Gaatjes kunnen ontstaan als bacteriën zich lang genoeg in de mond bevinden. De uitscheiding van deze bacteriën is namelijk zuur en dat schaadt de tanden. Vooral tussen tanden en kiezen in, waar bacteriën gemakkelijker langer blijven zitten, ontstaan vaak gaatjes.

Gaatjes vullen

Voordat we gaatjes kunnen vullen, maken we de tand of kies schoon. Dit betekent dat we in het glazuur boren, zodat het beschadigde deel van de tand verwijderd kan worden. Het zacht geworden weefsel halen we weg met een zogenaamde drilboor en daarna gaan we de tand of kies vullen. Dit doen we ofwel met composiet of met glasionomeer. Welk materiaal we gebruiken, hangt af van de plaats van het gaatje en de zuurgraad van de mond. Beide vulmiddelen zijn gewoon wit en worden zoveel mogelijk aangepast aan de kleur van uw gebit. Op die manier valt een vulling minder op. Beide materialen moeten worden uitgehard.

  1. Composiet hardt door specifiek licht binnen vier seconden uit
  2. Glasionomeer hardt door warmte binnen één tot twee minuten uit

Na het uitharden werken we de vulling bij, zodat uw tanden en kiezen goed op elkaar komen. Als we glasionomeer hebben gebruikt, wordt er nog een coating aangebracht die de vulling beschermt tegen slijtage.
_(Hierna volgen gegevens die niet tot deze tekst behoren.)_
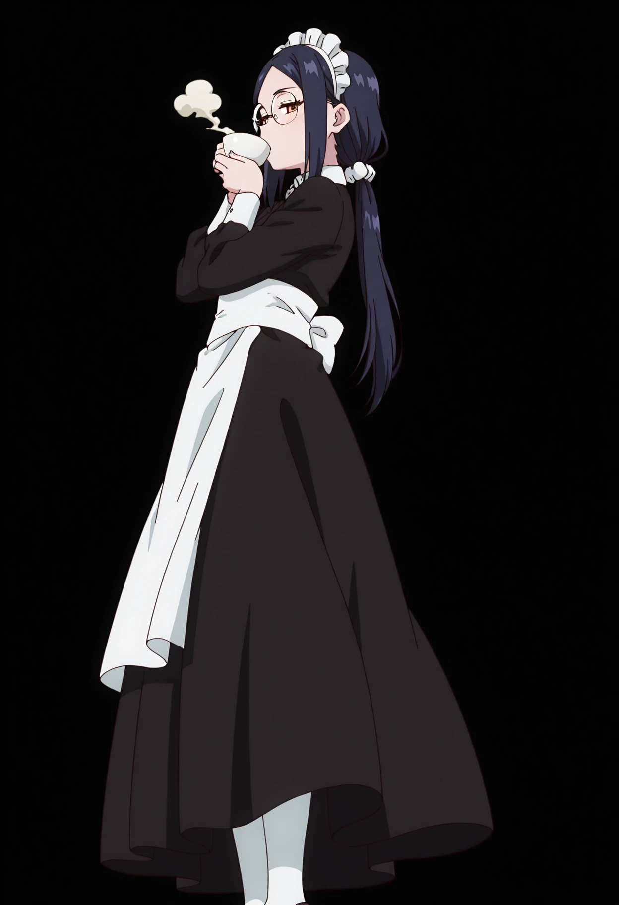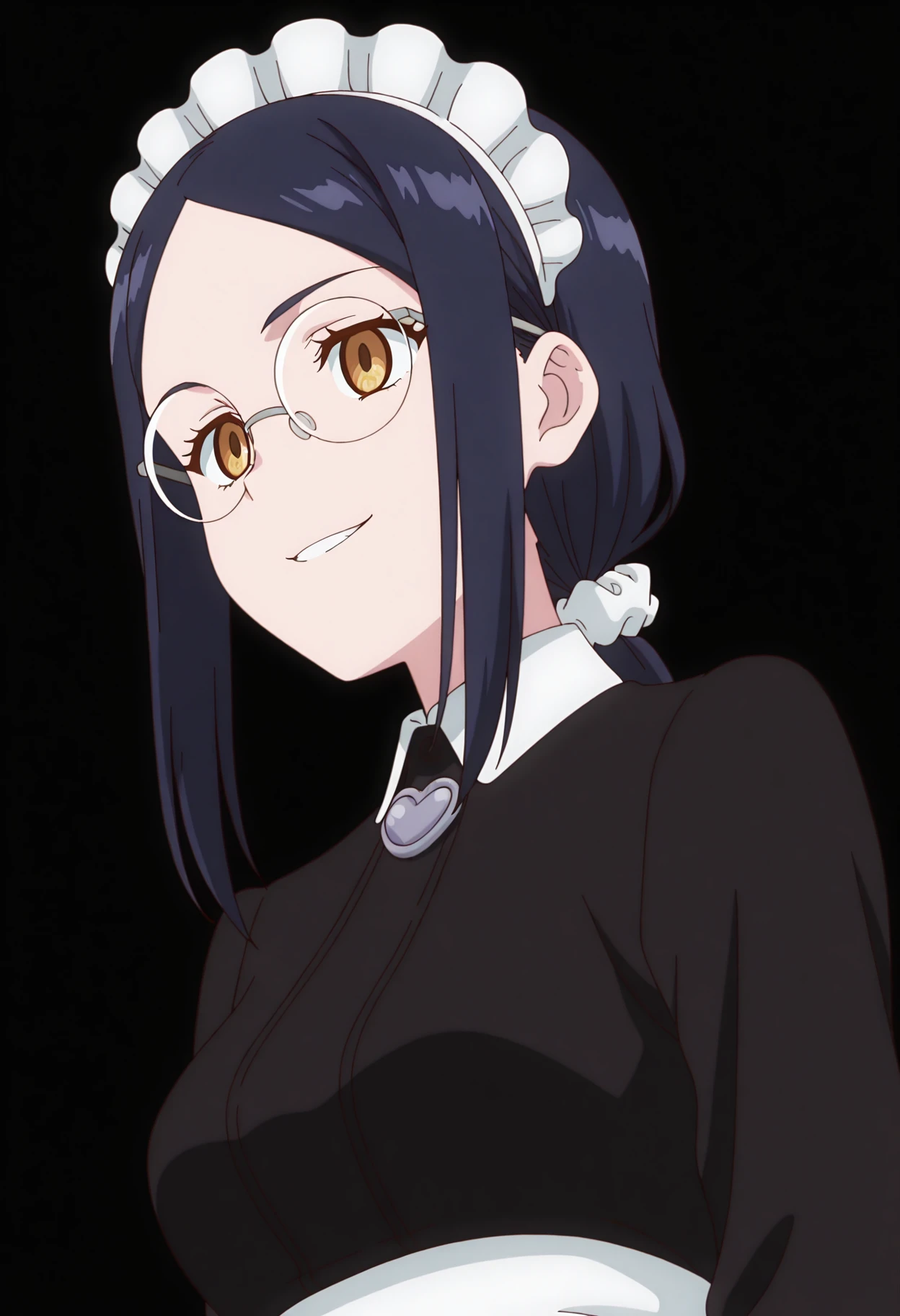 1girl, solo, head maid (kalm), long hair, glasses, black hair, blue hair, bangs, sidelocks, brown eyes, yellow eyes, ponytail, white scrunchie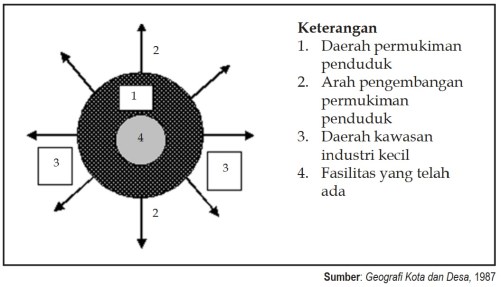 4. Pola desa yang mengelilingi fasilitas tertentu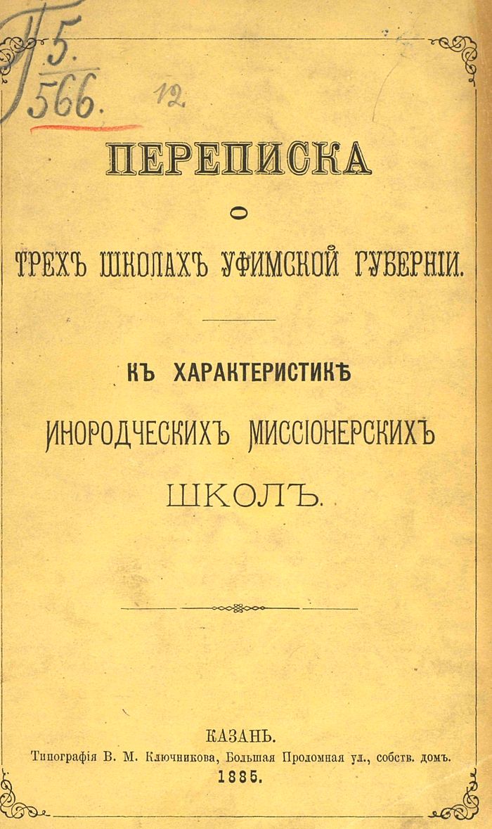 Переписка о миссионерских школах Уфимской губернии: Кадряковской, Усинской и Юмашевской печатается с разрешения Высокопреосвященнейшаго Председателя Православнаго Миссионерскаго Общества, Иоанникия Митрополита Московскаго и Коломенскаго, изложеннаго в предложении Его Высокопреосвященства от 17 Марта 1885 года за № 68. Притом, Преосвященнейший Дионисий, Епископ Уфимский и Мензелинский, преподал разрешение и благословение к напечатанию сведений, касающихся миссионерских школ и крещеных инородцев Уфимской епархии, в письме от 25 Февраля 1885 г.— Преосвященнейший Амвросий, Епископ Харьковский и Ахтырский, изъявил согласие на напечатание его писем относительно упомянутых школ, в письме от 25 Января 1885 года.— Переписка, касающаяся Усинской школы, печатается с ведома Г. Председателя Белебейскаго Училищнаго Совета, Предводителя Дворянства, Ивана Михайловича Бунина.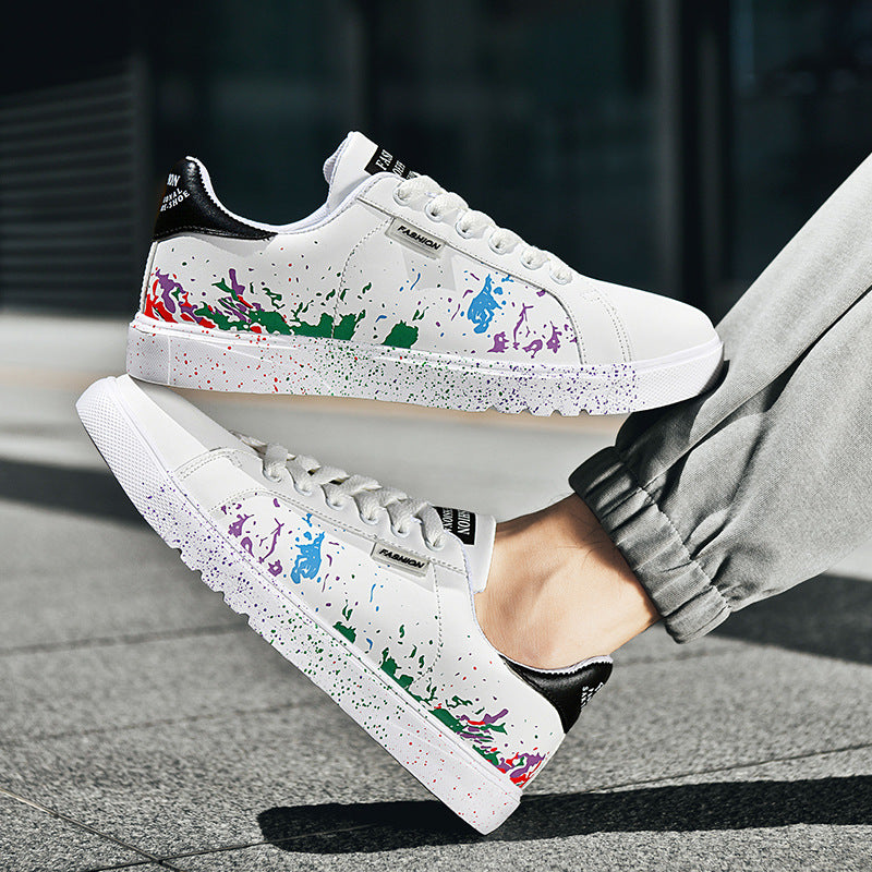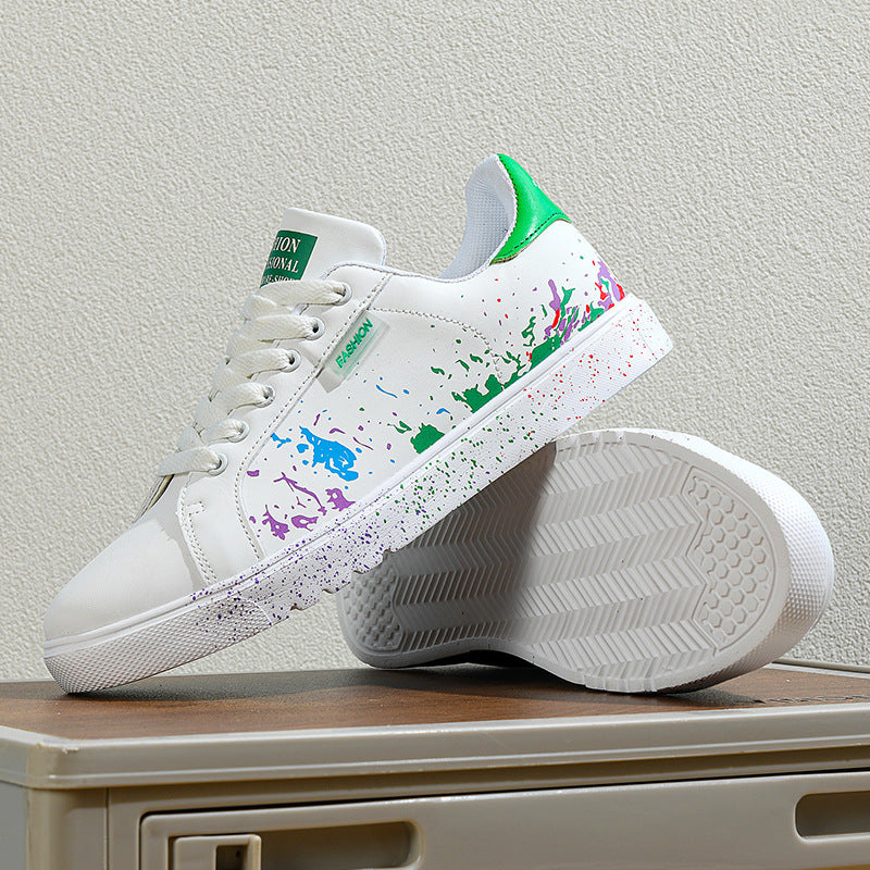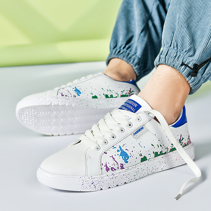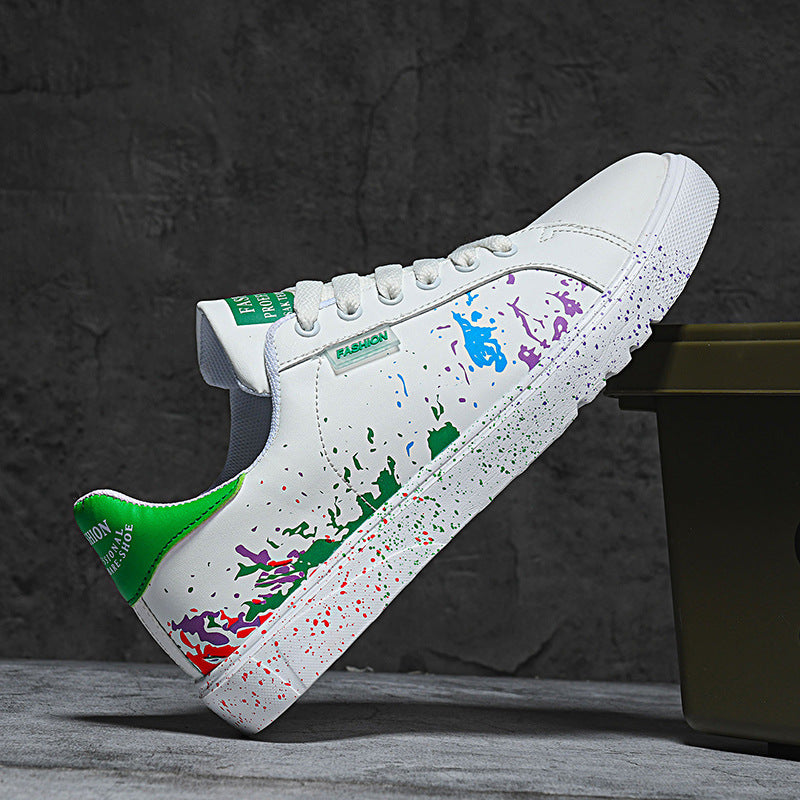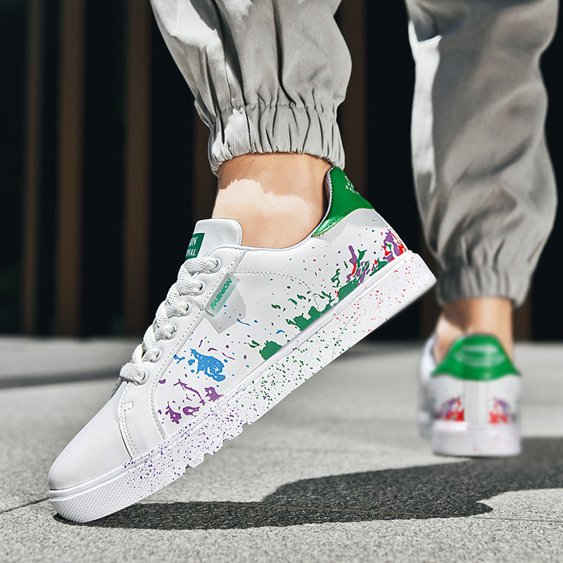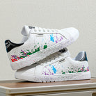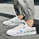 Step out and make a statement with these eye-catching sneakers, featuring a unique paint splatter design on premium leather. They're crafted for comfort with a cushioned sole and built tough for the streets.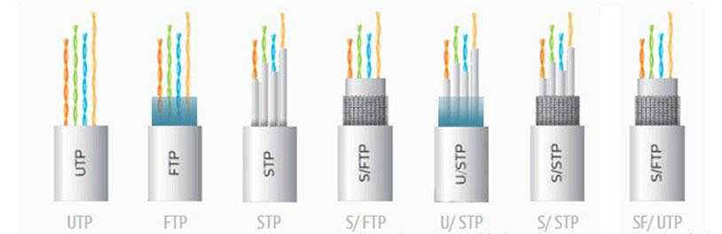 Помимо категорий, медные кабеля различают по конструкции. Выделяют следующие разновидности кабеля: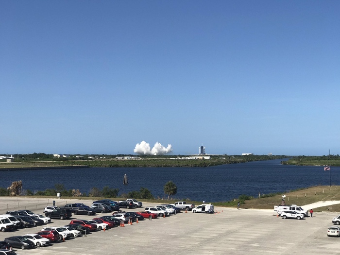 NASA: …Девять двигателей 1-й ступени ракеты Merlin были запущены в течение семи секунд для этого важного, но рутинного огневого испытания.
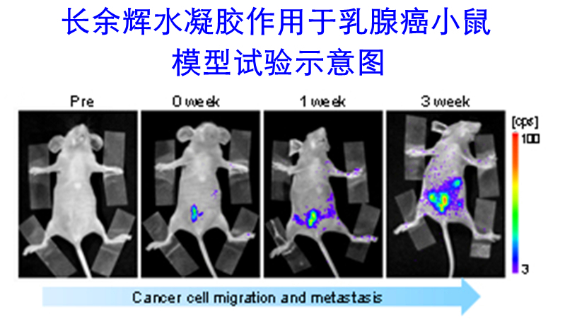 乳腺癌小鼠模型实验结果显示:这种新型水凝胶生物相容性好,无毒无副作用,不影响肿瘤的转移和侵袭,并具有很高的灵敏度,能够克服干扰在小鼠的肿瘤部位持续释放发光标记探针,标记肿瘤细胞,实现肿瘤转移的无创、高选择性、无背景干扰成像示踪。

Wij gebruiken geen zilverkleurige of zwarte vullingen.

De stopknop

Sinds kort gebruiken we een stopknop tijdens het vullen van gaatjes. Zo kunt u de tandarts laten stoppen, wanneer u dat wilt. De tandarts stopt dan meteen. Op deze manier behoudt u zelf de controle over de behandeling.

Vullingen vervangen

Soms moeten vullingen vervangen worden, bijvoorbeeld als ze schade hebben opgelopen. Ook door slijtage kan het soms zo zijn dat een vulling beter vervangen kan worden. De tandarts kijkt tijdens de controle welke vullingen aan vervanging toe zijn. Wij overleggen uiteraard altijd eerst met u voor we de vulling daadwerkelijk gaan vervangen.

Gaatjes melktanden

Ook kinderen kunnen gaatjes krijgen. Het melkgebit maakt dan op termijn plaats voor blijvende tanden en kiezen, maar de pijn in een melktand is net zo erg als in een blijvende tand. Daarom is het in veel gevallen beter om het gaatje te vullen voor er pijn ontstaat of andere problemen.

Kinderen kunnen de tandarts eng vinden. Zeker als ze voor het eerst een gaatje laten vullen. Daarom gebruiken wij de boor nooit langer dan vier tellen. Onze tandarts telt daarbij hardop, zodat kinderen weten wanneer de tandarts stopt met boren. Soms moet er dan wel meerdere keren vier tellen worden geboord. Na het boren worden de gaatjes gevuld met snel uithardend vulmateriaal, zodat de kinderen zo snel mogelijk weer klaar zijn.